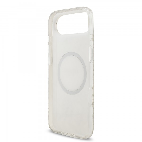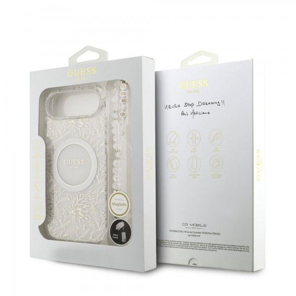 Guess iPhone 17 Air Case with MagSafe Flowers Strap White. The Guess IML Allover Pearl Strap MagSafe back cover for the phone is a great accessory for those who value style and functionality.
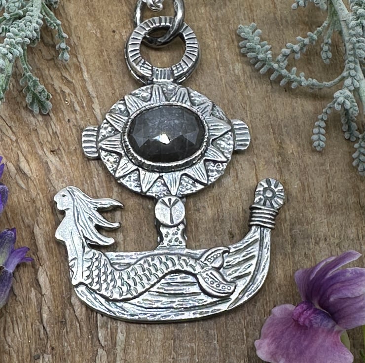 Inspired by my love of all things Mermaid and Viking! A Viking Ship pendant with a grey sapphire cabochon set in the sail.
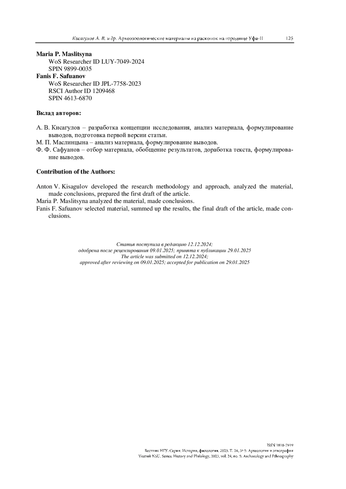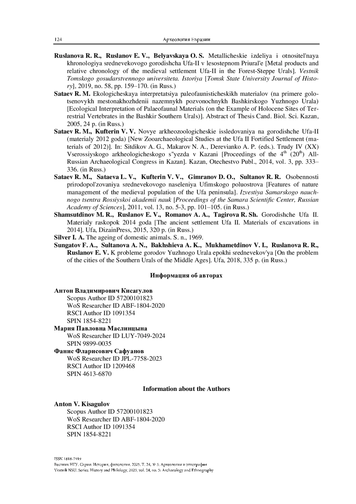Публикуются результаты анализа археозоологической коллекции, собранной в ходе раскопок поселенческого памятника эпохи раннего Средневековья городища Уфа-II в 2023 г. Исследования проходили на локальном участке в юго-западной части памятника. В ходе работ было установлено, что культурный слой на данном участке подвергся мощному антропогенному воздействию во второй половине XX в. – начале XXI в., повлекшему за собой уничтожение / смешение слоев эпохи Средневековья и Нового времени. В связи с данным обстоятельством, результаты археозоологического исследования 2023 г. не позволяют в полной мере привязать остеологический материал к культурным группам раннего Средневековья и Нового времени. В коллекции присутствовали кости млекопитающих, птиц и рыб. Части костей млекопитающих принадлежат в основном домашним животным, доля диких видов незначительна.
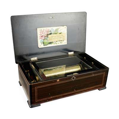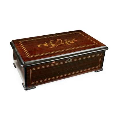 SWISS ROSEWOOD AND GRAIN-PAINTED MUSIC BOX Y
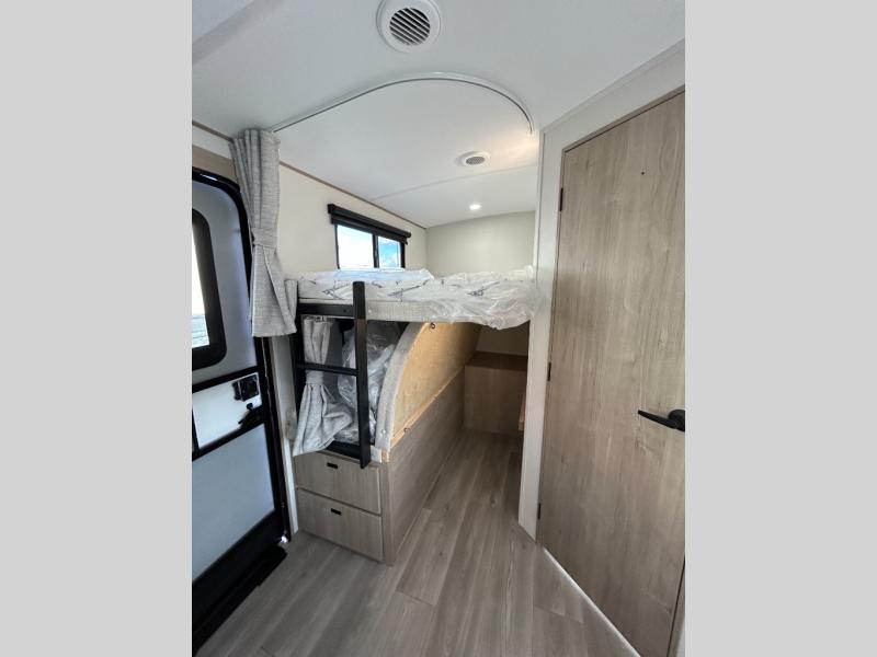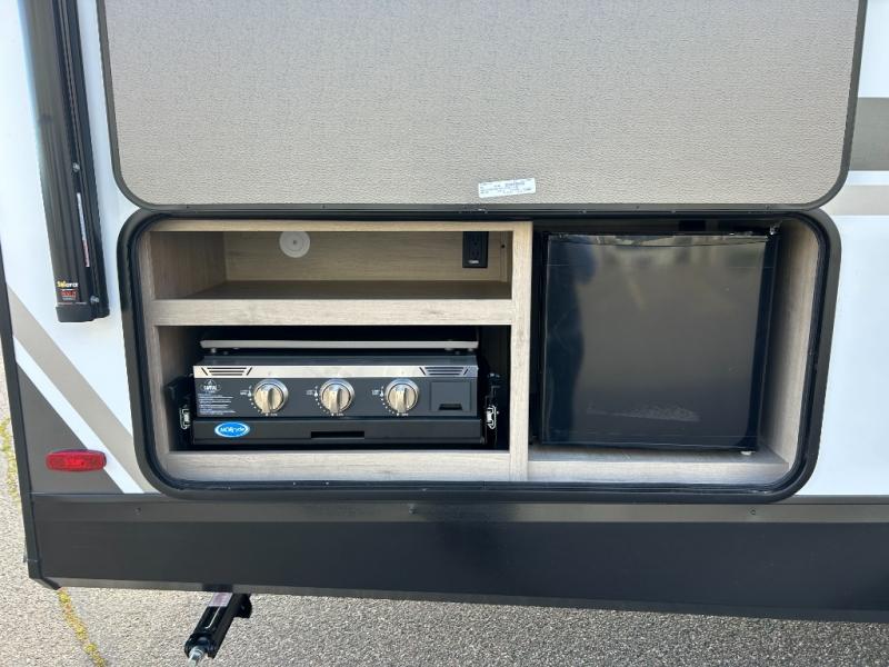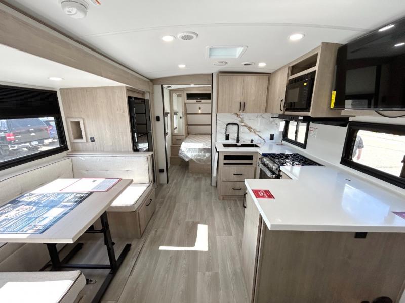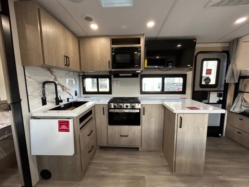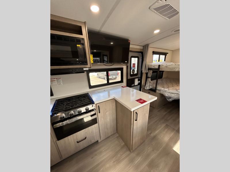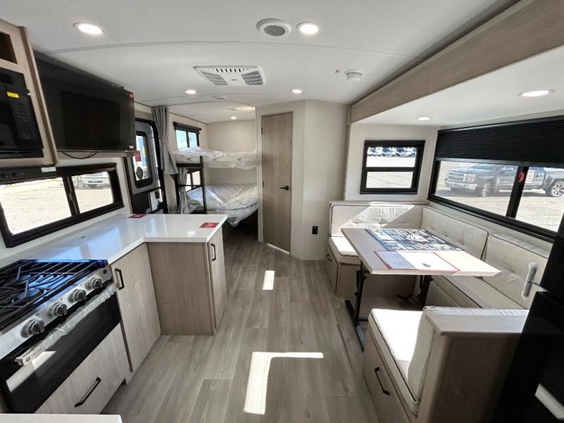 Unleash adventure with this incredible travel trailer! Sleep in style in the serene bedroom, featuring a plush queen bed, spacious wardrobe, and TV prep for entertainment. The kitchen is equipped with a pull-out pantry, 10 cu. refrigerator, microwave, and three-burner cooktop for delicious meal prep. Enjoy extra counter space with the flip-up countertop extension, optimal for easy and comfortable cooking. Family and friends can dine at the U-shaped dinette while watching the LED HDTV for added entertainment. The full bathroom offers a shower, and linen closet. Kids will love the double bunk bed, perfect for taking a nap. On the exterior, you will find the outdoor kitchen, pass-thru storage, and 20” x 20” baggage door/trash can storage, ideal for a better organization of your belongings. Finally, create outdoor activities without worrying about the weather thanks to the 19’ awning.
_____
## [WHAT YOU ARE ASKED TO DO]
Leaving the pictures aside, output each entry above exactly as written.

## [ANSWER TO THIS EXERCISE]
 Guess iPhone 17 Air Case with MagSafe Flowers Strap White. The Guess IML Allover Pearl Strap MagSafe back cover for the phone is a great accessory for those who value style and functionality.
 Inspired by my love of all things Mermaid and Viking! A Viking Ship pendant with a grey sapphire cabochon set in the sail.
Публикуются результаты анализа археозоологической коллекции, собранной в ходе раскопок поселенческого памятника эпохи раннего Средневековья городища Уфа-II в 2023 г. Исследования проходили на локальном участке в юго-западной части памятника. В ходе работ было установлено, что культурный слой на данном участке подвергся мощному антропогенному воздействию во второй половине XX в. – начале XXI в., повлекшему за собой уничтожение / смешение слоев эпохи Средневековья и Нового времени. В связи с данным обстоятельством, результаты археозоологического исследования 2023 г. не позволяют в полной мере привязать остеологический материал к культурным группам раннего Средневековья и Нового времени. В коллекции присутствовали кости млекопитающих, птиц и рыб. Части костей млекопитающих принадлежат в основном домашним животным, доля диких видов незначительна.
 SWISS ROSEWOOD AND GRAIN-PAINTED MUSIC BOX Y
 Unleash adventure with this incredible travel trailer! Sleep in style in the serene bedroom, featuring a plush queen bed, spacious wardrobe, and TV prep for entertainment. The kitchen is equipped with a pull-out pantry, 10 cu. refrigerator, microwave, and three-burner cooktop for delicious meal prep. Enjoy extra counter space with the flip-up countertop extension, optimal for easy and comfortable cooking. Family and friends can dine at the U-shaped dinette while watching the LED HDTV for added entertainment. The full bathroom offers a shower, and linen closet. Kids will love the double bunk bed, perfect for taking a nap. On the exterior, you will find the outdoor kitchen, pass-thru storage, and 20” x 20” baggage door/trash can storage, ideal for a better organization of your belongings. Finally, create outdoor activities without worrying about the weather thanks to the 19’ awning.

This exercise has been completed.